As shown in Fig. 7, from the route diagrams of P-n22-k2, P-n45-k5, P-n55-k7, and P-n101-k4, it can be inferred that DWHO effectively retrieves their optimal solutions.

Effectiveness verification

There are five involved algorithms in this experiment. The experiment is conducted on the A-set benchmark instances and P-set benchmark instances, and each instance is run 20 independent times, and the mean value and standard variation are recorded as the final results. To make the comparison results statistically sound, we use the Wilcoxon’s rank sum test, a nonparametric statistic test, for a single-instance analysis, the significance level \(\alpha\) is set to 0.05. The symbols “+”, “=”, and “-” denote that DWHO is significantly better than, similar to, and significantly worse than its competitor on an instance, respectively, according to the p value. The final results of the above five involved algorithms are shown in Tables 5 and 6.

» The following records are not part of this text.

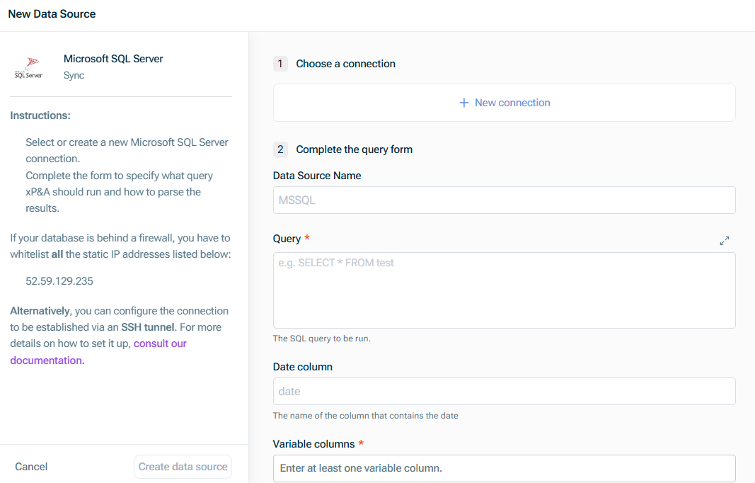 If your database is behind a firewall, you have to whitelist the following static IP address before connecting Microsoft SQL Server with xP&A: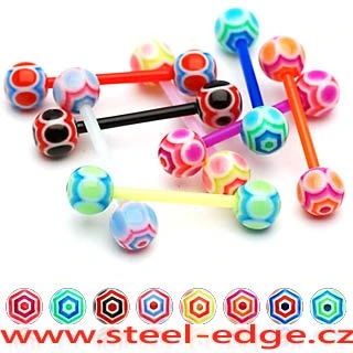 Piercing do jazyku. Piercing z bioplastu. Tento piercig nepoškozuje Vaši zubní sklovinu. Piercing pro Vás. Rozměry 1,6×16×6mm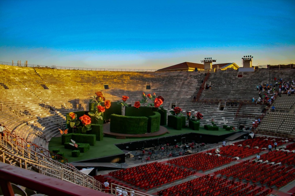Veronassa on leppoisa tunnelma. Kesäisin keskustan kadut ja kujat ovat täynnä oopperavieraita, mutta joen toisella puolella on tilaa. Sieltä on kävelymatka keskustaan, jonka katunäkymät ovat tuskin muuttuneet satojen vuosien varrella, sillä talot ovat keskiaikaisia, mutta Goethen ajoista kaupunki on siistiytynyt. Kaunista ja ylevää, sitä vierailijat odottavat. Luksuskauppoja, baareja, kahviloita ja ravintoloita. Parvekekukat hehkuvat. Vaikea uskoa, että paikalliset asuvat keskustassa, vaan asunnot siellä kuten monen muun turistikohteen keskustoissa ovat muuttuneet vuokra-asunnoiksi tai pienhotelleiksi. Meille ulkomaalaisille näytettiin asuntoa yli kaksikymmentä vuotta sitten, kun etsimme paikkaa Italiasta. Suhteellisen kallis se oli, avoin tila, keittiönurkkaus ja alkovi, mutta näkymä avautui muutaman katon yli Areenalle. Asunto voi olla nykyisin halvimman luokan AirB&B.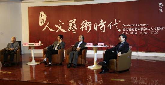 與會(huì)專家學(xué)者分折指出,周天黎先生在東西方藝術(shù)的融合上,取得了可喜的成就,其獨(dú)特的筆墨色彩的技法和豐富的思想內(nèi)涵,被權(quán)威專家評(píng)價(jià)具有“人文與學(xué)術(shù)的雙重價(jià)值,因而使她成為當(dāng)代中國(guó)最重要的藝術(shù)家和藝術(shù)思想家之一”。演講者和與會(huì)者互動(dòng)發(fā)言,對(duì)周天黎:“普世意義上的人道主義和理想主義、人文精神本身就是藝術(shù)領(lǐng)域張力的重要部分,是專業(yè)邊界以內(nèi)的歸屬,是藝術(shù)價(jià)值之所在,甚至是藝術(shù)家之所以為藝術(shù)家的藝術(shù)之魂。懷有任何獨(dú)特生命狀態(tài)和精神底蘊(yùn)的藝術(shù)家,包括汪洋恣肆天馬行空式的追求,包括所有高度個(gè)性化的藝術(shù)思想、藝術(shù)實(shí)踐、藝術(shù)風(fēng)格、藝術(shù)技巧、藝術(shù)創(chuàng)新、藝術(shù)批評(píng)、藝術(shù)研究、藝術(shù)遺世意義的宏觀和微觀的思想維度與價(jià)值,都可以放到這樣的價(jià)值體系中加以衡量?!钡娜宋乃囆g(shù)思想,進(jìn)行了學(xué)術(shù)意義上的分析和討論。一些專家學(xué)者還指出,周天黎深入中國(guó)傳統(tǒng)繪畫藝術(shù),又能過大膽地從傳統(tǒng)繪畫藝術(shù)中反叛出來,把一些西方繪畫中的圖式結(jié)構(gòu)以視覺的內(nèi)在轉(zhuǎn)換,進(jìn)行極具個(gè)性化的畫面構(gòu)成,藝術(shù)風(fēng)格上獨(dú)創(chuàng)一格,也為21世紀(jì)中國(guó)繪畫藝術(shù)的向前發(fā)展,開辟了新的路徑,開啟了人文藝術(shù)新時(shí)代。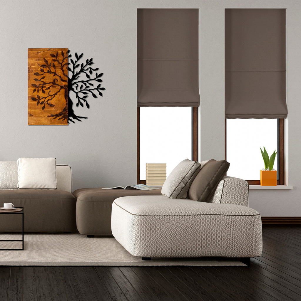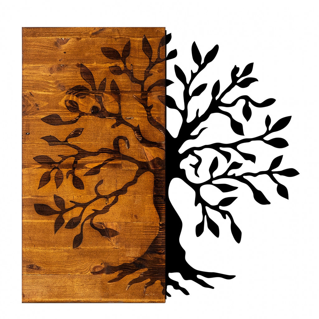 Декорацията на едно пространство е особено важна, тъй като тя "издава" нашата естетика и индивидуалност. Стенната декорация привлича вниманието на хората в стаята, така че трябва да включва стилни предмети. Тази специална конструкция от метал в комбинация с масивно дърво е идеалната декорация за стената на вашия дом или бизнес. Нейният дизайн е дърво в черен нюанс, половината от който е върху естествен нюанс на дърво. Подходящ за всички части на дома или на работното място и брилянтна идея за подарък! Характеристики на продукта: Декорация за стена Материал: Масивно дърво 50% и метал 50% Цвят: Естествен и черен Размери: 58x58cm Дебелина: 3cm. Европейско производство и произход. Продуктът се предлага във фабрична опаковка.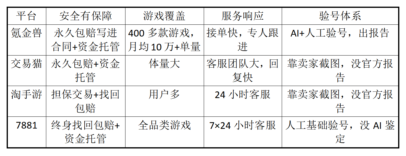 试了一圈下来,我最后还是选了氪金兽。保障机制做得比较到位,永久包赔直接写进合同里,钱也是平台先收着;验号做得细,AI加人工复核,还能出报告;平台单量不小,账号选择也多。其他几家各有各的特点,但这个在保障、验号、透明这几个方面做得更均衡,用起来心里更踏实。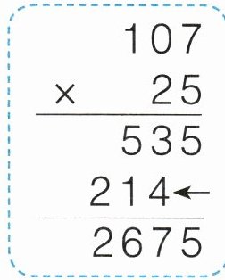 (2)星星采摘园种植草莓秧苗,每行种植107棵,种植了25行。一共种植了多少棵草莓秧苗?右面竖式中箭头所指的这一步表示(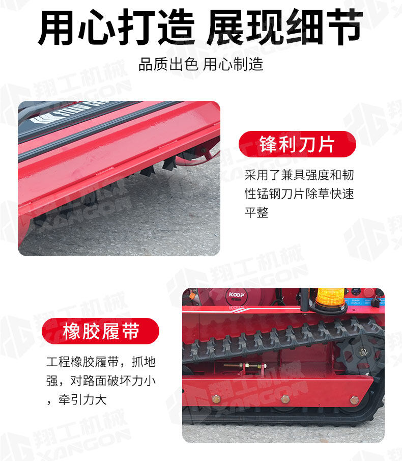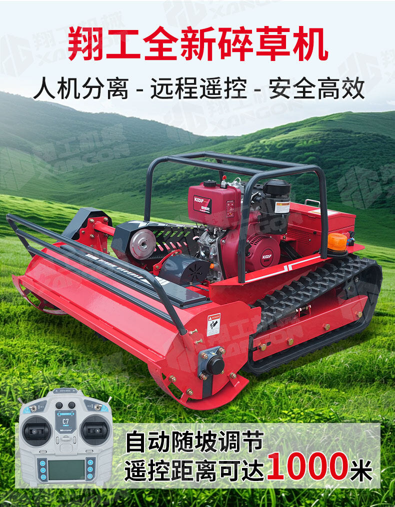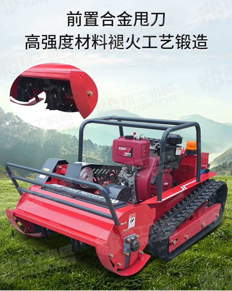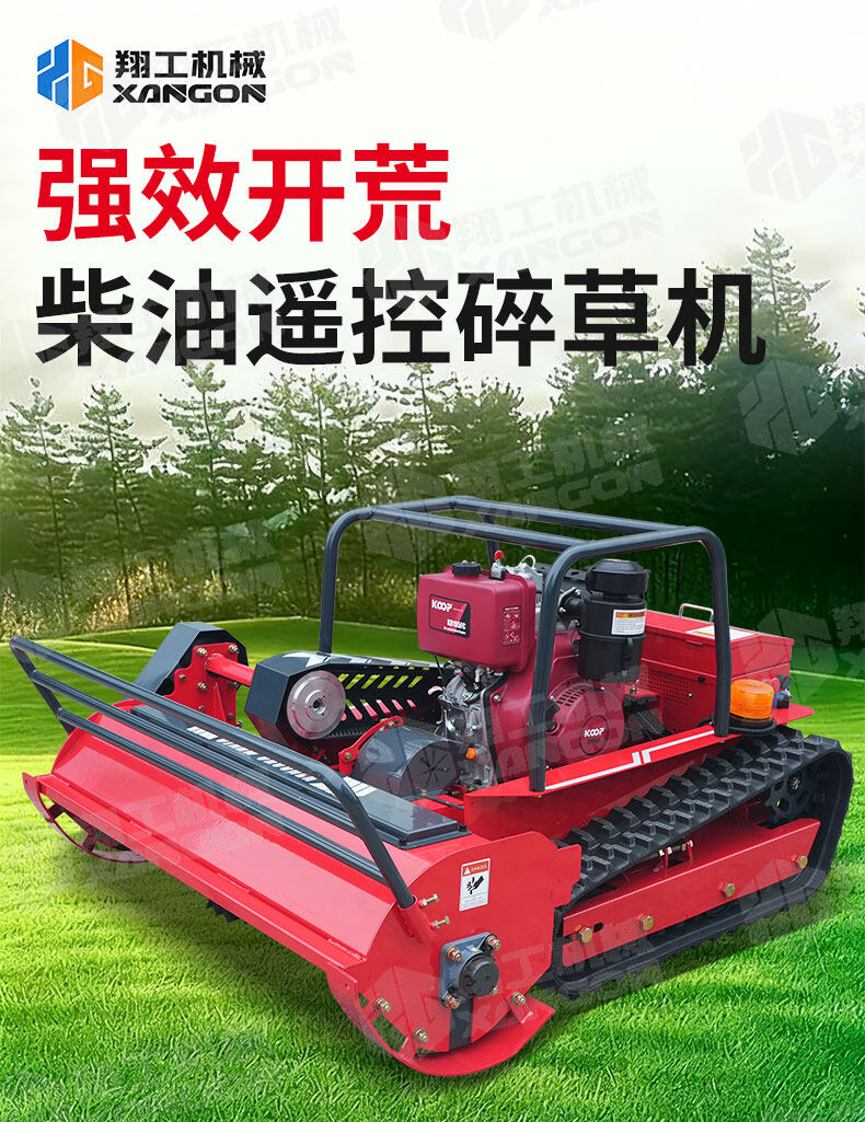 本款柴油遥控割草机是一款动力强劲、专为恶劣工况设计的大型专业设备。它采用高性能柴油发动机,扭矩大,续航持久,能轻松应对陡坡、湿地等复杂地形。先进的无线遥控技术确保了操作人员的安全,实现了远距离高效、精准割草。特别适用于园林绿化、堤坝养护、机场周边等大面积和危险区域的除草作业。

As shown in Table 5, DWHO significantly outperforms BWHO, hybrid firefly algorithm and DAEO on A-set benchmark instances, and it is comparable to DSRACO. When compared to DSRACO, DWHO is only slightly weaker on a few instances. Table 5 demonstrates that DWHO completely outperforms BWHO. In comparison with hybrid firefly algorithm, DWHO shows superiority in 12 instances, equivalence in 8 instances, and no instances of inferiority. When compared to DSRACO, DWHO is superior in 1 instance, equivalent in 13 instances, and slightly inferior in 6 instances. Against DAEO, DWHO excels in 14 instances, is equivalent in 4 instances, and is inferior in 2 instances. Similarly, Table 6 demonstrates that DWHO consistently outperforms BWHO in all evaluated instances of the p-set. When compared to the hybrid firefly algorithm, DWHO exhibits superior performance in 17 instances, is equivalent in 7, and does not perform inferiorly in any instance. In contrast to DSRACO, DWHO shows superiority in 11 instances, similarity in 7, and is relatively inferior in 6 instances. Compared to DAEO, DWHO is superior in 13 instances, equivalent in 7, and inferior in 4 instances. As observed from the data, DWHO demonstrates superior performance compared to the other four compared algorithms on both A-set and P-set benchmark instances. This assertion is grounded on a rigorous assessment that incorporated wilcoxon’s rank and sum test.

Conclusion

In this paper, we incorporate the wild horse optimizer from the engineering domain to propose a discrete wild horse optimizer for solving CVRP. Based on the foundation of WHO, three neighborhood local search strategies - swap operation, reverse operation, and insertion operation - are applied to enhance both the search capability and solving capability of DWHO for CVRP. Moreover, a decoding technique is introduced to allow DWHO solutions to represent vehicle routing schemes. Experiments on 44 benchmark instances were conducted, and the results indicate that DWHO with decoding technique can effectively address discrete combinatorial optimization problems, especially CVRP, with satisfactory performance. DWHO was compared with BWHO, hybrid firefly algorithm, DSRACO, and DAEO. The comparative results revealed that DWHO possesses robust problem-solving abilities. It significantly outperforms BWHO, and generally, the solutions from DWHO are superior to those obtained from hybrid firefly algorithm, DSRACO and DAEO. In A-set benchmark instances, DWHO achieves the best known solutions for most medium scale and small scale instances. For larger sclae instances, the solution deviations are relatively minor. As for P-set benchmark instances, not only does DWHO attain the best known solutions for medium scale and small scale instances, but it also accomplishes this for the large sclae instance P-n101-k4, a feat the other four compared algorithms could not achieve. This highlights the efficacy and superiority of our proposed algorithm. In future work, we will explore the potential of DWHO in solving other discrete combinatorial optimization problems, aiming to further broaden the applicability of the algorithm.